The killing of a woman on a pond in Union last week has rattled people across the midcoast, including in her home village of Tenants Harbor, where she had previously spent years working in the fishing industry and was a well-known and beloved presence for decades.
Sunshine “Sunny” Stewart, 48, was a familiar face at the Tenants Harbor General Store and on the local lobster wharves she worked from for years. She was a helpful, funny, skilled and upbeat person who had also worked in sailing, plumbing, carpentry and other trades, people who knew her said Friday.
“She was amazing,” said Patty St. Clair, the municipal clerk in St. George, the town the village of Tenants Harbor belongs to.
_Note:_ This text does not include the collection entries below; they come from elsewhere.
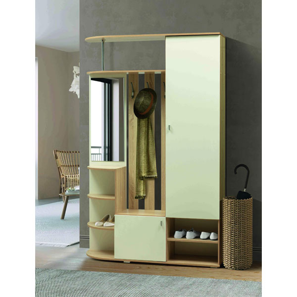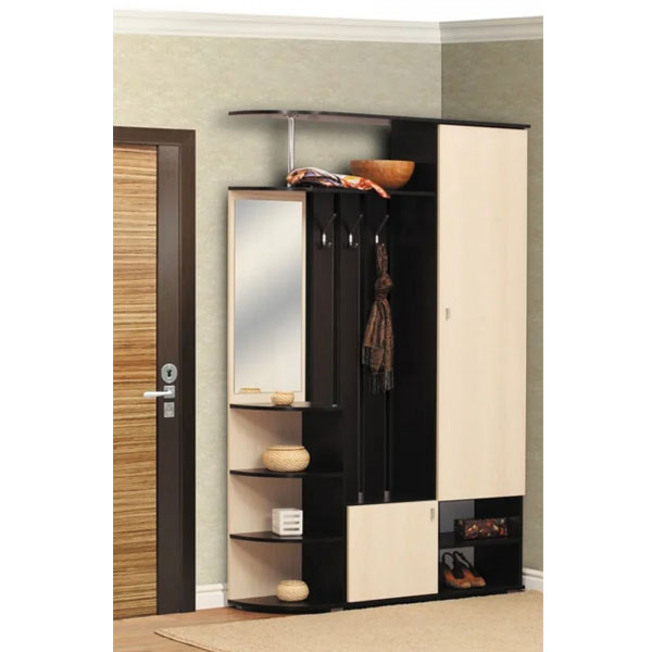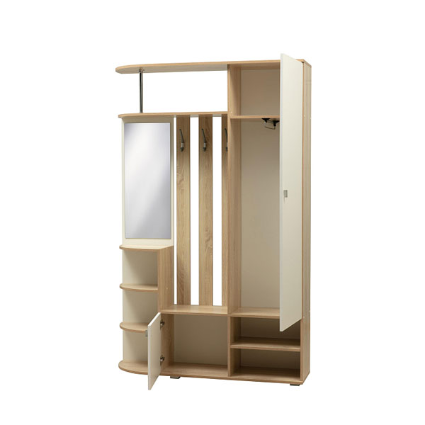 - Справа располагается вместительный отдел с глухой дверцей, под которым предусмотрена открытая ниша с полкой, где можно хранить обувь или сумки.
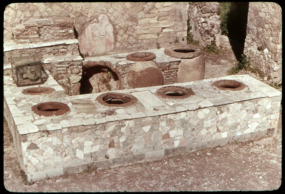 A thermopolium – a Roman takeaway – this is where ordinary people would get meals. The holes are storage jars. Lots of mulled wine, lentil and chickpea dishes, baked cheeses, and a dish similar to pizza on the menu. With plenty of garum– fish sauce to drizzle over everything (it’s pretty much identical to modern Thai fish sauce). No tomato, no peppers, no citrus or potatoes though, those were yet to come. Poor people didn’t eat much meat, it was expensive. A good source was sacrifices at temples if they could get it. Conveniently the bit the gods liked from sacrificed animals was the gristle and bones, leaving the congregation free to eat the rest.
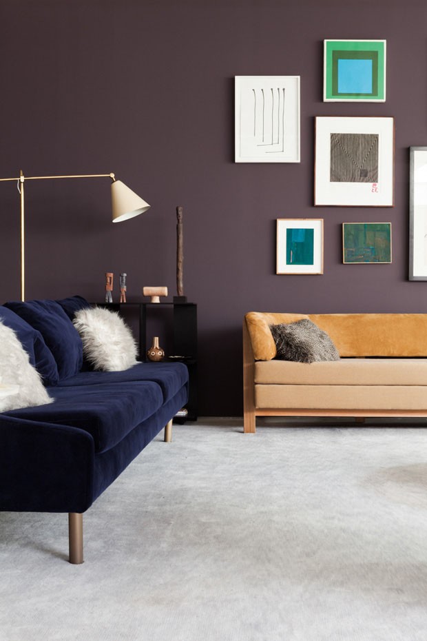 Na Casa Vogue Experience 2016, a sala de estar exibia um tom muito próximo ao roxo criado pela Pantone para homenagear Prince: trata-se do Mala de Viagem, da Suvinil
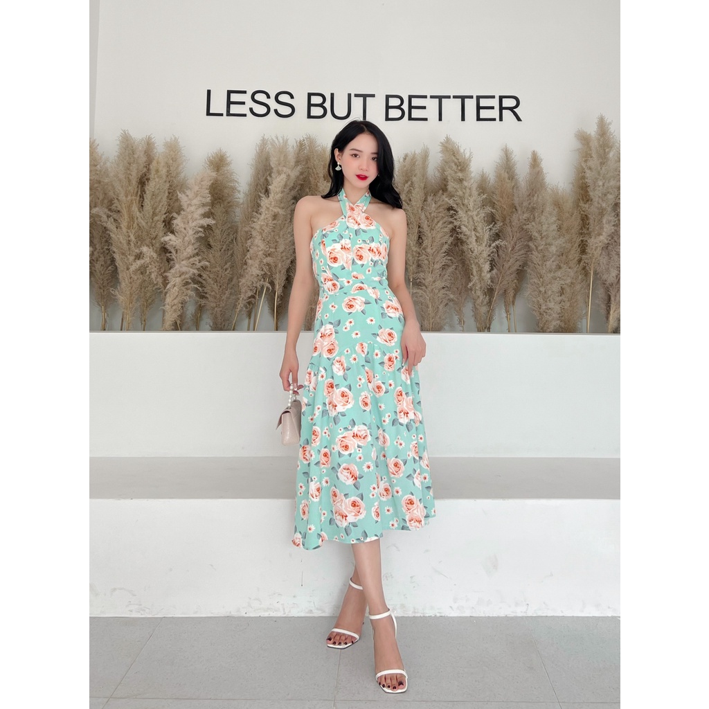 Giới thiệu Đầm thiết kế Wonderhouse cổ yếm dáng xòe chất vải tơ thêu hoa dự tiệc, đi biển sang chảnh - Natalie Dress

St. Clair, who lives up the hill from a home that Stewart owned on River Road, enjoyed talking to her in the town office when she was registering cars or boats. She recalled Stewart was also a skilled handyperson.
“She was just full of spirit and just seemed very kind to everybody,” St. Clair said.
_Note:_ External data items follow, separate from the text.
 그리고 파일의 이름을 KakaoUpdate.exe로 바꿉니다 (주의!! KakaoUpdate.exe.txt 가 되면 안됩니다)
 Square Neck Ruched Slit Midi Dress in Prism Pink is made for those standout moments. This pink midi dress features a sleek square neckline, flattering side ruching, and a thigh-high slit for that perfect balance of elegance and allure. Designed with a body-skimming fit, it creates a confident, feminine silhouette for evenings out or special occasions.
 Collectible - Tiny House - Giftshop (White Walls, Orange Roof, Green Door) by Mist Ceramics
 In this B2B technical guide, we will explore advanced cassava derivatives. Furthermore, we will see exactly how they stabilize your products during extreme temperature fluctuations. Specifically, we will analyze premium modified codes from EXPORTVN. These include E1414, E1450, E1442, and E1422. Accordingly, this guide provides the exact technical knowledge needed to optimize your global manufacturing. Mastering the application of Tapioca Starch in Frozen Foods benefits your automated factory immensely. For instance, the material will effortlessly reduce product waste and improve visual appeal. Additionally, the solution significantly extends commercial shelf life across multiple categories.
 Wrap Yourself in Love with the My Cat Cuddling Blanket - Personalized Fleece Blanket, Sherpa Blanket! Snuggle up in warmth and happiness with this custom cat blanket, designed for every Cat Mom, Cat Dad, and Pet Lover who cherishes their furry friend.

Stewart had planned to spend the summer about 25 miles north in Union at the Mic Mac Cove Family Campground, where she went out paddleboarding on Crawford Pond last Wednesday and never returned, according to Maine State Police. Her body was found early the next morning.

The death has been ruled a homicide. Police have released little other information, fueling speculation and fear across Union, St. George and surrounding communities.
Most homicides in Maine are related to domestic violence, drug deals gone bad or altercations that escalate, but there has been no information released about the circumstances of this killing. Police typically add a statement that there’s no danger to the general public following major crimes, but they have not in this case, as the Midcoast Villager has reported.
“The whole thing is just really hard to wrap your head around,” said an employee at the Tenants Harbor General Store who declined to give her name. “…Everybody’s shocked. A lot of people knew her, and you know, it’s devastating when something like that happens.”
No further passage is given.